#### The task
Write out an exact copy of the line containing "情報技術科ではロボットの実演" and all lines that follow it in the data below, leaving out pictures.

§

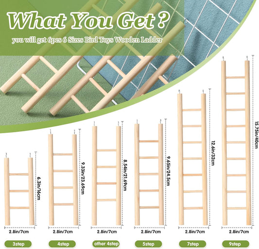 Kigeli 6 Pcs Wood Step Ladder for Bird, Hanging Bird Ladder Parrot Step Cage Hanging Climbing Toys for Parakeets, Parrots, Cockatoo and Lovebirds
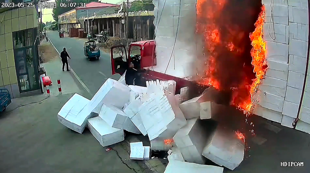 Ô tô chở xốp bốc cháy dữ dội ở Trung Quốc
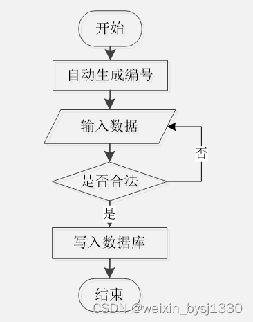 对于超市小程序,需要随时添加所需要的数据信息,对于用户添加信息,需要根据添加界面,根据选框的内容进行填写所要添加的数据信息,信息输入完成后判断数据信息是否符合要求,符合要求则添加完成,用户所添加的信息不符合要求,则需要返回到第一步,重新输入数据信息,再进行判断操作,如图3-2所示。
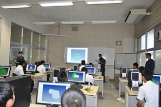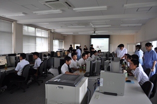 情報技術科ではロボットの実演、FLASH作成体験、電子機器組立見学及びハンダ付け体験が行われました。
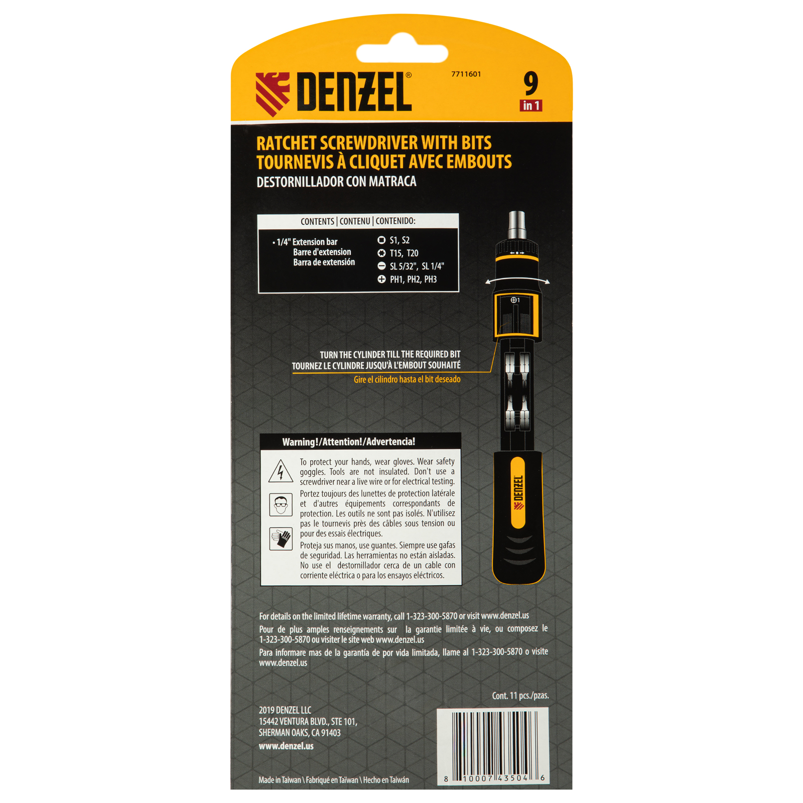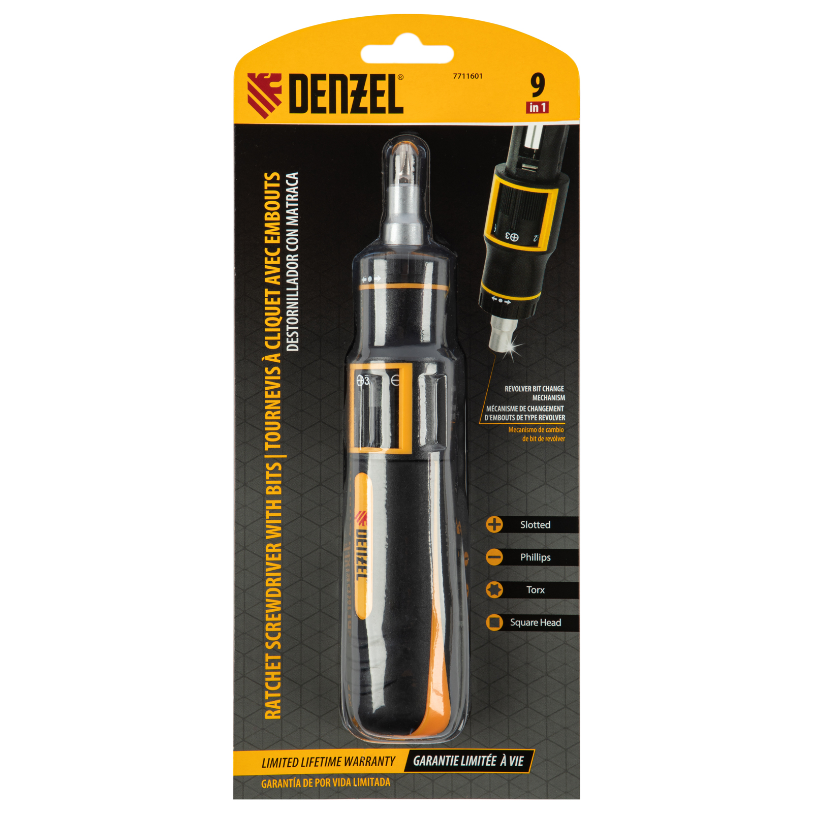 Отвертка реверсивная с револьверным механизмом, 11 шт, сталь S2 Denzel в Москве

§

#### Output for this exercise
 情報技術科ではロボットの実演、FLASH作成体験、電子機器組立見学及びハンダ付け体験が行われました。
 Отвертка реверсивная с револьверным механизмом, 11 шт, сталь S2 Denzel в Москве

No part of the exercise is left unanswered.